Consider again the agent depicted in Fig. 4: she begins with unconditional credences (Ω, \({\mathscr{F}}\), P) and conditional credences modeled by C, then transitions based on certainty profile δ_ω to new unconditional credences C_ω while holding fixed her conditional credences C. We have assumed that C is proper at ω. (Otherwise, the agent cannot use C to conditionalize on δ_ω in the first place.) Our theorem entails that C is also an rcd for the agent’s new unconditional credal allocation C_ω. The agent may therefore continue to use C to conditionalize. If a new exogenous change instills a new certainty profile δ_ν at t₂, then she can use C to conditionalize on the new certainty profile δ_ν, so long as C is proper at ν. See Fig. 5.

Fig. 5

The agent gains new certainty profile δ_ω and responds by using C to conditionalize on δ_ω. Then she gains new certainty profile δ_ν and responds by using C to conditionalize on δ_ν

Figure 5 is quite general. It applies to a wide range of situations in which an agent gains a certainty profile δ_ω over a sub-σ-field and then gains a different certainty profile δ_ν over the same sub-σ-field. I do not say Fig. 5 applies to all such situations. If an rcd does not exist, or if every rcd is improper at ω or ν, then Fig. 5 does not apply. However, such situations arise rarely if ever in scientific applications.

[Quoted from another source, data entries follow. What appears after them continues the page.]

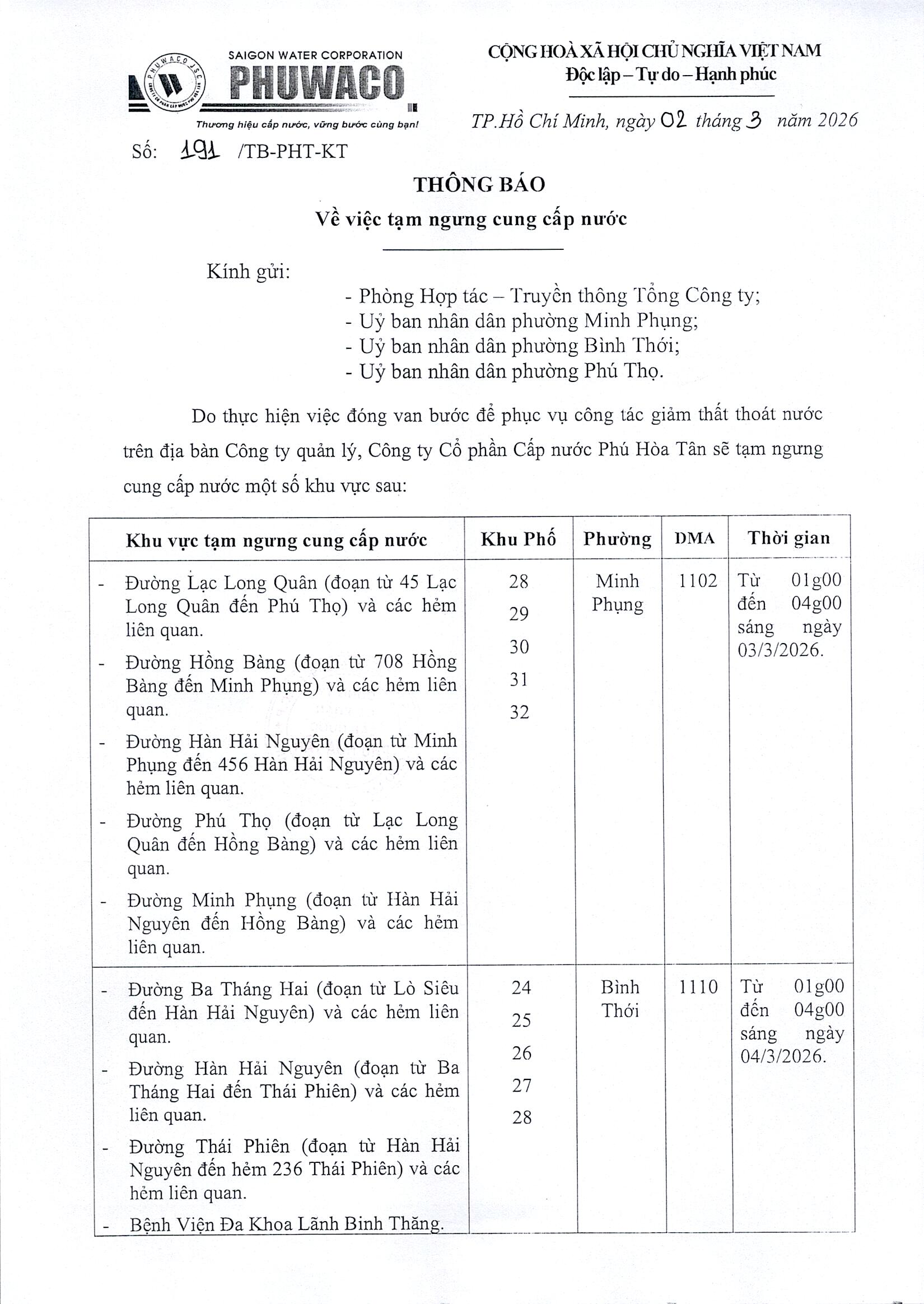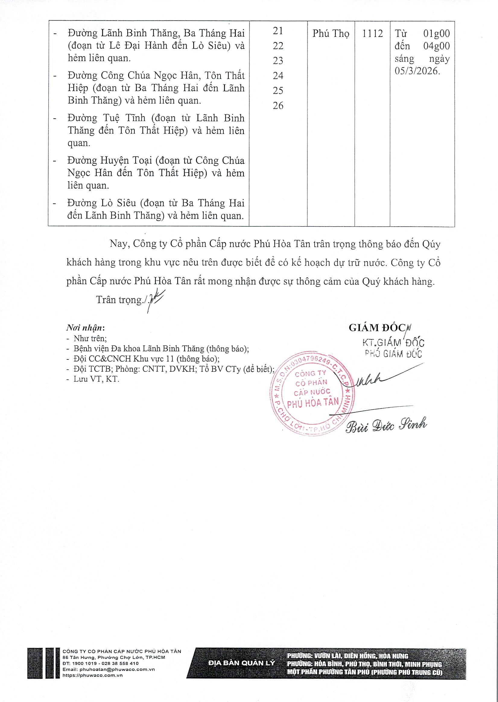 Công ty Cổ phần Cấp nước Phú Hòa Tân trân trọng thông báo Quý khách hàngđược biết để có kế hoạch dự trữ nước phục vụ cho sản xuất và sinh hoạt. Công tyrất mong nhận được sự thông cảm của Quý khách hàng./
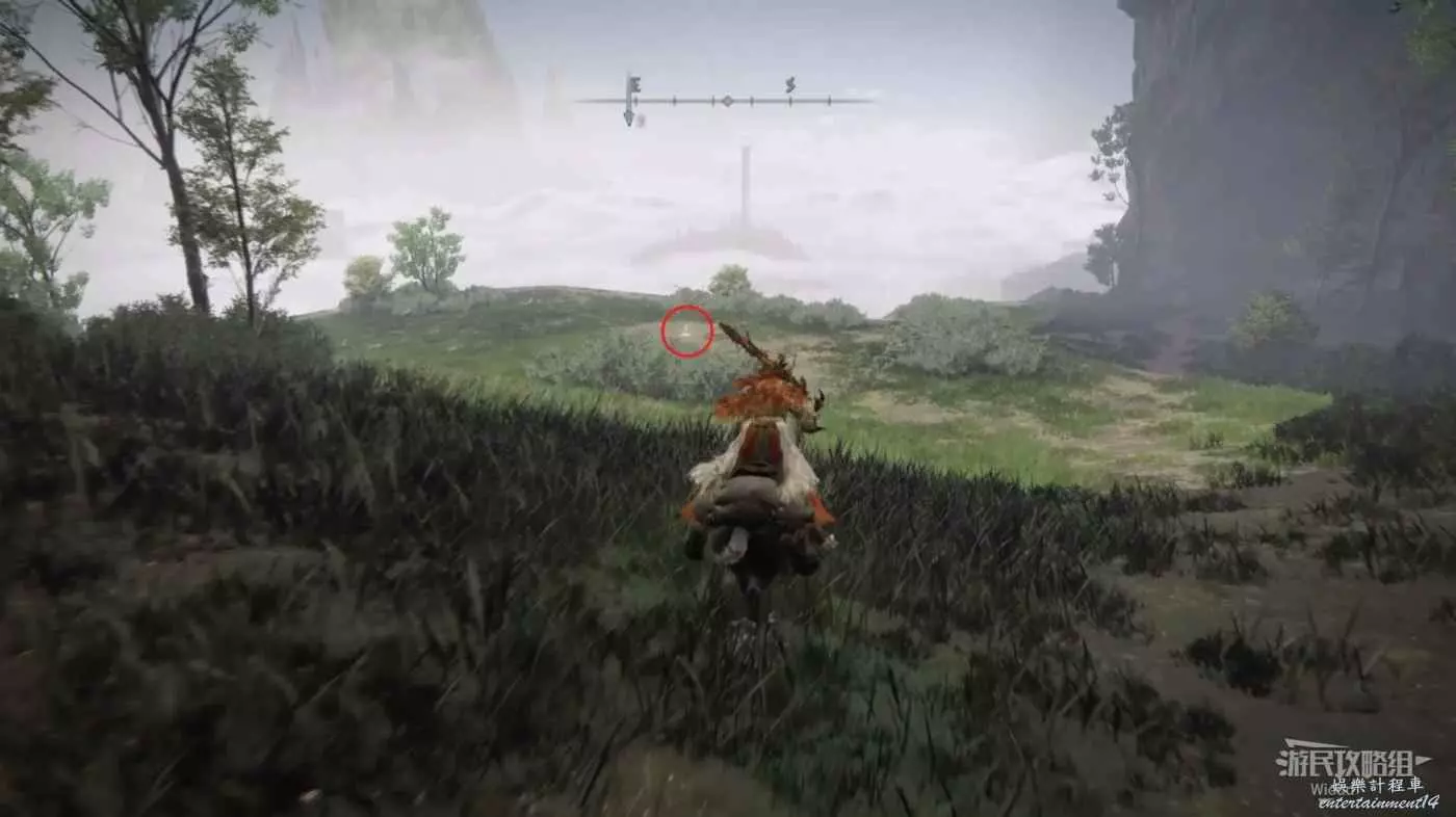 我們啟動第一個賜福點之後騎馬右前方走,稍微走一段就能看到右側的地圖石,此處可以拾取到第一張地圖。
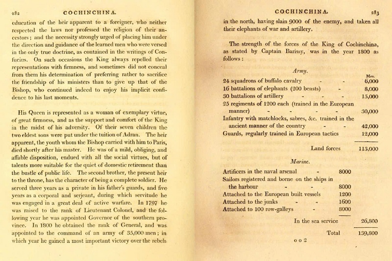 John Barrow khẳng định năm 1800 có 58 200 quân Pháp / Ấn tại Việt Nam , đội quân này hoạt động độc lập với quân của Nguyễn Ánh
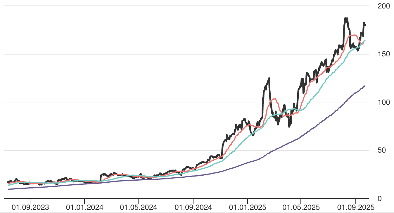 Elokuun alussa järkälemäinen tilauskannan kasvu sai Palantirin osakkeen raketoimaan jälleen. Kurssi nousi uusiin historiallisiin lukemiin 187 dollarin tuntumaan venyen samalla reippaasti yliostetun puolelle. Odotetavissa ollut korjaus pysähtyi SMA50:n tukitasolle. Osake kääntyi tukitasolta takaisin nousuun, mutta ei ole ainakaan vielä yltänyt elokuun huippulukemiin.
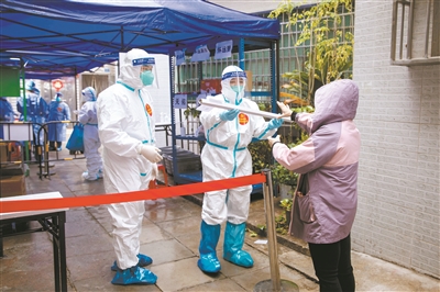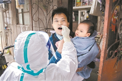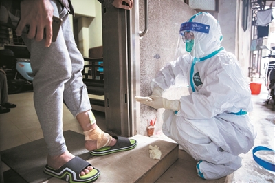 江南中社區醫院的醫生上門為管控區居民做核酸檢測。
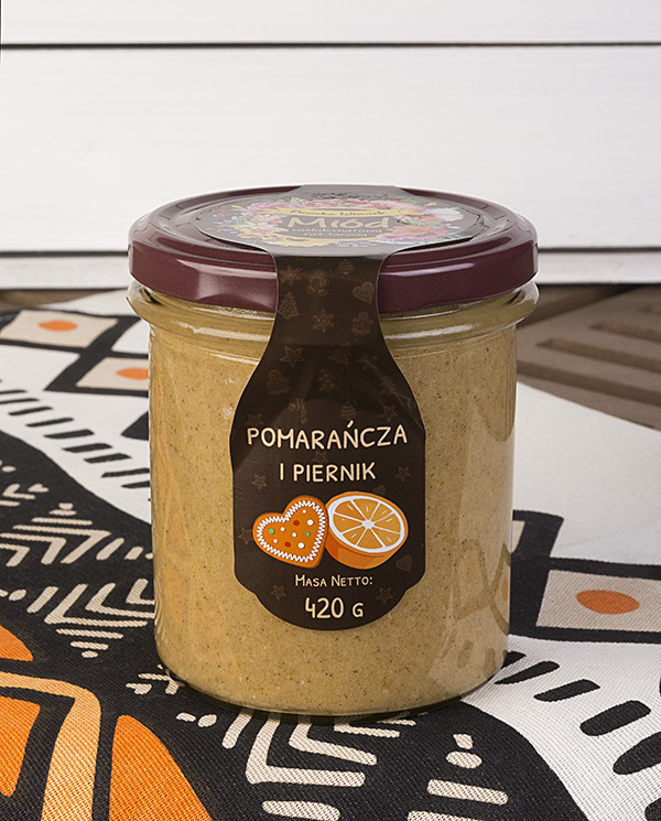 Miód z liofilizowaną pomarańczą i przyprawami korzennymi.
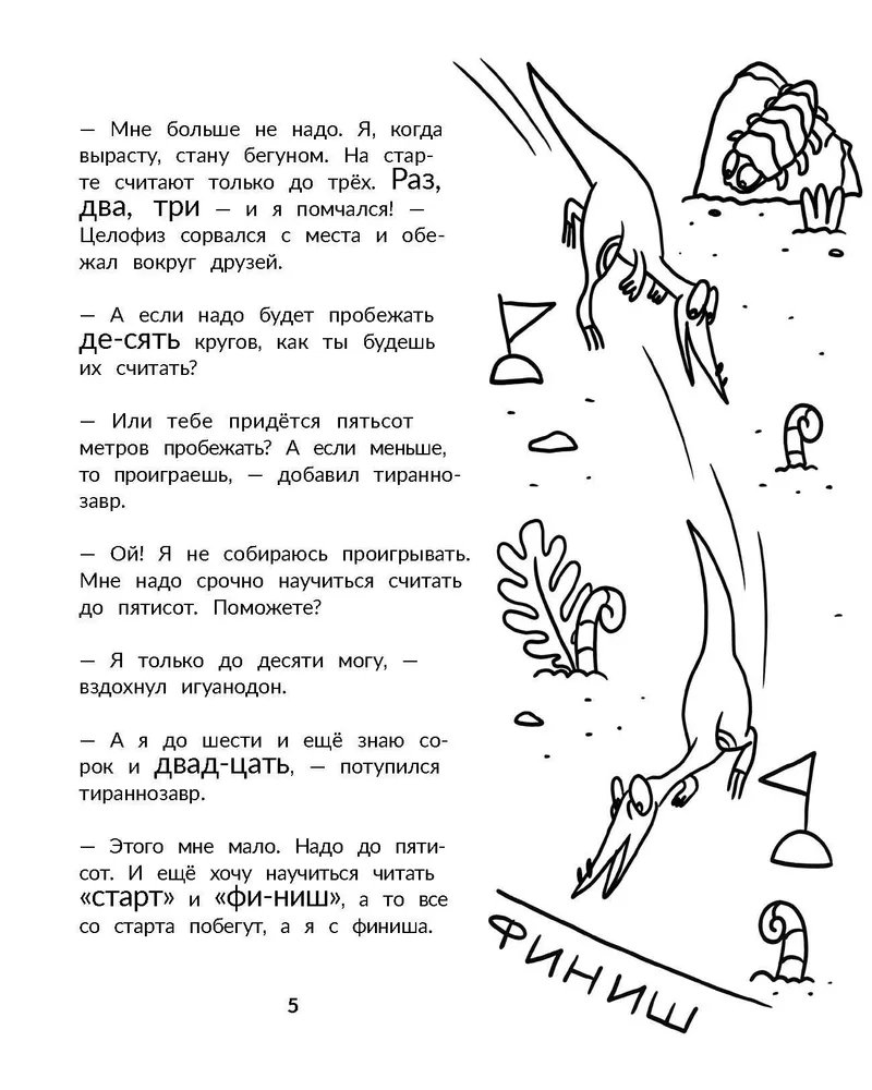 Маленькому тираннозавру непременно нужно узнать, сколько у него зубов, а игуанодон мечтает научиться подписывать свои картины. Вместе с друзьями они решают отправиться в школу, чтобы научиться считать и познакомиться со всеми буквами алфавита. Следуй за героями и узнай, где в доисторическом лесу прячутся буквы, потренируйся в чтении и счёте, помоги динозаврикам выполнить задания учителя аллозавра. В середине книги ты найдёшь плакат с динозаврами и алфавитом, благодаря которому не только легко запомнишь каждую букву, но и научишься быстро читать и произносить самые сложные названия доисторических ящеров. Для младшего школьного возраста.

To illustrate the virtues of Fig. 5, let us revisit False Alarm. We saw in Sect. 5 that John can use μ at t₂ to conditionalize on his newfound certainty in Negative. The worry raised in Sect. 4.2 was that μ seemed arbitrary. Why should John update his credences using μ rather than another rcd μ*? Rigidity enables a principled answer. The key point here is that μ encodes conditional probabilities that John has at t₀. The conditional probabilities follow from our choice of P and from the ratio formula. When John conditionalizes on Positive at t₁, Rigidity mandates that he leave those conditional probabilities fixed. John’s fixed conditional probabilities, codified by μ, serve as a basis for conditionalization when at t₂ he becomes certain of Negative. Hence, Rigidity rationalizes the choice of μ rather than any alternative rcd μ*. Given John’s unconditional credences at t₀, μ is the unique rcd that conforms to Rigidity. See Fig. 6.

Fig. 6

Credal evolution in False Alarm. John’s initial unconditional credences P determine his conditional credences μ, via the ratio formula. John becomes certain of Positive and responds by forming new credences μ_ω, where ω is any arbitrary outcome belonging to Positive. Then he becomes certain of Negative and responds by forming new credences μ_ν, where ν is any arbitrary outcome belonging to Negative. Complying with Weak Rigidity, he retains his conditional credences μ throughout this process

Our revised analysis of False Alarm illustrates the benefits that Rigidity offers to Kolmogorov conditionalizers. By constraining conditional credence, Rigidity guides the course of iterated Bayesian inference. Here is another example along the same lines:

Mismeasurement

Jane is a scientist with credences P at time t₀. X is a random variable that reflects the outcome of an experiment. At t₁, Jane becomes certain that X = x₁ and updates her other credences on that basis. At t₂, she realizes that her certainty in X = x₁ was misplaced: she misread a measuring instrument, or the measuring instrument was poorly calibrated, or she was deceived by her assistant, etc. Jane becomes newly certain that X = x₂. How should she proceed?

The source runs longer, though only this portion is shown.